Quantum oscillations in ${\mathrm{Cu}}_x{\mathrm{Bi}}_2{\mathrm{Se}}_3$ in high magnetic fields

${\mathrm{Cu}}_x{\mathrm{Bi}}_2{\mathrm{Se}}_3$ has drawn much attention as the leading candidate to be the first topological superconductor and the realization of coveted Majorana particles in a condensed matter system. However, there has been increasing controversy about the nature of its superconducting phase. This study sheds light on ambiguity in the normal-state electronic state by providing a complete look at the quantum oscillations in magnetization in ${\mathrm{Cu}}_x{\mathrm{Bi}}_2{\mathrm{Se}}_3$ at high magnetic fields up to 31 T. Our study focuses on the angular dependence of the quantum oscillation pattern in a low carrier concentration. As the magnetic field tilts from the crystalline $c$ axis to the $ab$ plane, the change of the oscillation period follows the prediction of the ellipsoidal Fermi surface.

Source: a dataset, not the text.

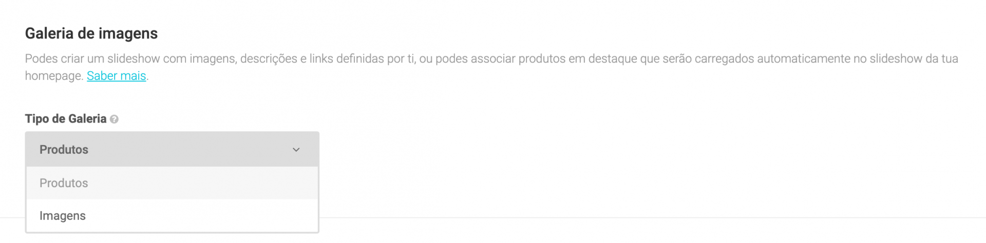 No campo Tipo de Galeria, ao seleccionares a opção Produtos, os produtos em destaque da tua loja vão surgir também no slideshow. Para gerires a galeria de imagens da tua loja, sugerimos este artigo de suporte.

As the doping level changes, the 3D Fermi surface becomes quasicylindrical at high carrier density. Such a transition is potentially a Lifshitz transition of the electronic state in ${\mathrm{Cu}}_x{\mathrm{Bi}}_2{\mathrm{Se}}_3$.

Figure 1

Oscillations in the torque data of sample 4 with the polynomial background subtracted. The inset in the upper right-hand corner is a schematic of the experimental setup. The lower inset is a fast Fourier transformation (FFT) of the oscillatory torque after subtracting the polynomial background. The single peak in the FFT spectrum reveals a single Fermi pocket.

Figure 2

(a) Quantum oscillations in torque of sample 4 at different angles after background subtraction. Oscillations are visible in the raw signal up to $90{}^{\circ }$. At high tilt angle, the oscillation signal is multiplied by a factor of 10 for clarity. (b) The FFT spectra of oscillations in panel (a) show a single Fermi pocket with clear angular dependence. The FFT amplitude is normalized by the height of the peak in the range of 200–600 T. For the high tilt angles, the divergence of FFT amplitude in the dc end arises from an incomplete background subtraction.

Figure 3

Angular dependence of the oscillation frequency of the various samples. Dashed lines are ellipsoidal fits for the Fermi surfaces. The inset expands the $y$ axis of the data plot to a higher frequency range to show the extrapolation of the ellipsoidal fits.

Figure 4

(a) Temperature dependence of the oscillation amplitude of sample 4. (b) Temperature dependence of the normalized amplitude with fit to the thermal damping factor. Extracted from this fit is a high-angle effective mass of $0.32m_e$.

Figure 5

Dingle plot of sample 4a. Fitting is of the Dingle damping factor and it yields a Dingle temperature of 57.1 K.

Figure 6

Hall effect of the Cu-doped ${\mathrm{Bi}}_2{\mathrm{Se}}_3$. Each sample is cleaved from the same batch as the samples used in the torque measurement. (a) The Hall signal ${\rho }_{xy}$ is plotted against field $H$ up to 5 T at $T=1.5$ K. The Hall signal curves have been antisymmetrized to eliminate the magnetoresistance pickup. The slopes of the ${\rho }_{xy}\text{−}H$ curves are used to determine the Hall carrier density shown in Table 4. (b) Measurements of ${\rho }_{xy}$ in $H$ up to 12 T show quantum oscillations in three samples. In this panel, a polynomial background is subtracted to show the oscillation signal in ${\rho }_{xy}$. The oscillation frequency is found to be the same as the measured frequency in the dHvA effect.

Figure 7

Volume susceptibility measurements of 3 different samples. Sample 4, the sample with lowest carrier concentration, shows a superconducting transition at 3 K and a 16% superconducting volume. Samples 3 and 5 do not show any superconducting property most likely due to sample quality degradation over time.